Des Widerspenstigen Zähmung - Oder: Wie ich lernte, Red Dead Redemption 2 doch noch zu lieben

Morgens die Postkutschen ausrauben, vormittags Bären jagen und einen kapitalen Stör an Land ziehen, sich um 12.00 Uhr mittags mit bösen Buben duellieren, nachmittags durch die Frontscheibe des Saloons krachen, sich danach bei einem gemütlichen Schaumbad wieder erholen und am späten Abend allein in den Sonnenuntergang reiten: Acht Jahre nach Veröffentlichung des ersten Teils liefert Rockstar Games mit Red Dead Redemption 2 endlich die Vorgeschichte zu seinem Wild-West-Hit. Angeblich eine schlappe halbe Milliarde Dollar haben sich die GTA-Macher das Spektakel kosten lassen, um es mit massenhaft Film-Anspielungen und einer der schönsten Spielwelten überhaupt zu veredeln. Aber ist die Geschichte um den Outlaw Arthur Morgan auch spielerisch ein Volltreffer?

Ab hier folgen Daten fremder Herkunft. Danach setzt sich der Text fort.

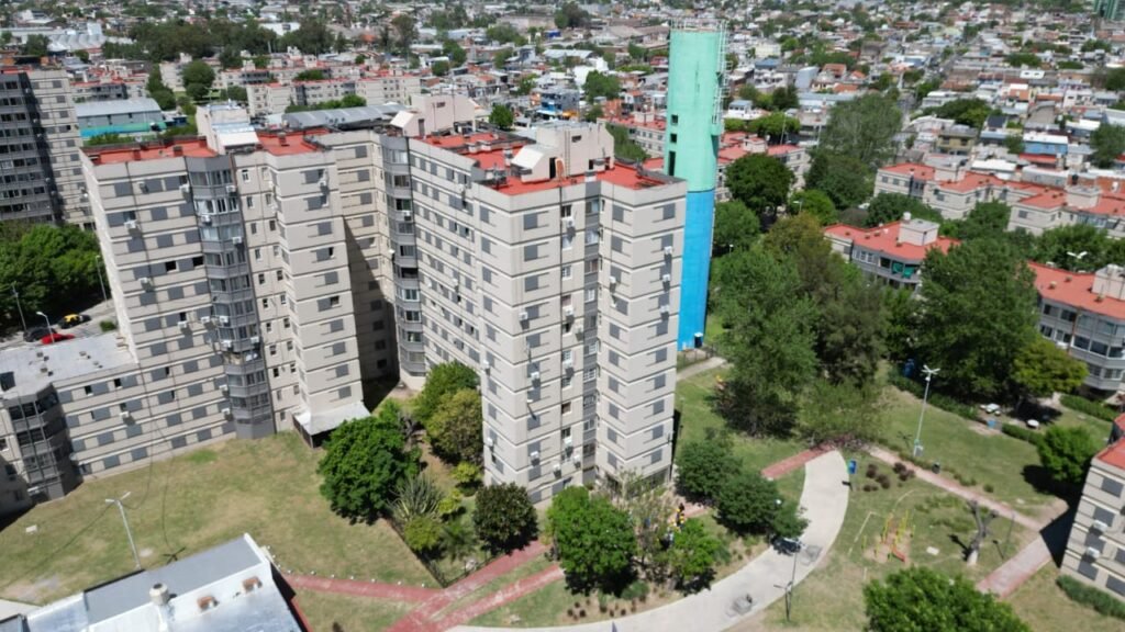 Posteriormente, las autoridades se dirigieron a Sarandí, donde visitaron la construcción de un complejo habitacional de 208 viviendas. La obra contempla departamentos de dos y tres ambientes, que incluyen patio y espacio guardacoches, con el objetivo de ampliar la oferta de vivienda familiar en el municipio.

New Austin, West Elizabeth, Ambarino, Hew Hanover und Lemoyne: Das sind die Staaten aus Rockstars neuem Open-World-Western, der sich damit – ebenso wie sein Vorgänger – nur entfernt an die historische Realität hält. Umso ernster ist es den GTA-Machern allerdings mit der Inszenierung ihrer epischen Erzählung, die sich an der US-Geschichte um die vorletzte Jahrhundertwende orientiert: Die Tage, in denen das riesige Land von Einwanderern erschlossen wurde und Gesetzlose wie Red Dead Redemption 2-Held Arthur Morgan relativ unbehelligt wüten konnten, sind fast gezählt – der berüchtigte „Wilde“ Westen ist im Begriff, gezähmt zu werden. Ein dichtes Eisenbahnnetz lässt einst riesige Entfernungen zusammenschrumpfen, während Telegrafenmasten in kürzester Zeit Informationen übermitteln und elektrisches Licht selbst kleinste Western-Städte bis in die späte Nacht hell beleuchtet.

Malerisches Städtchen, in dem oft noch immer das Faust- und Schieß-Recht herrscht: Valentine

Kurzum: Der Fortschritt hält Einzug – und Outlaw-Banden wie die „Dutch van der Linde“-Gang, zu der Arthur und seine Waffenbrüder zählen, werden von privaten Schutz-Agenturen wie den Pinkertons gnadenlos bis an die Grenzen der rasant wuchernden Zivilisation verfolgt.

Die Ausritte in die freie Natur verblüffen mit wunderschönem Aus- und viel Weitblick.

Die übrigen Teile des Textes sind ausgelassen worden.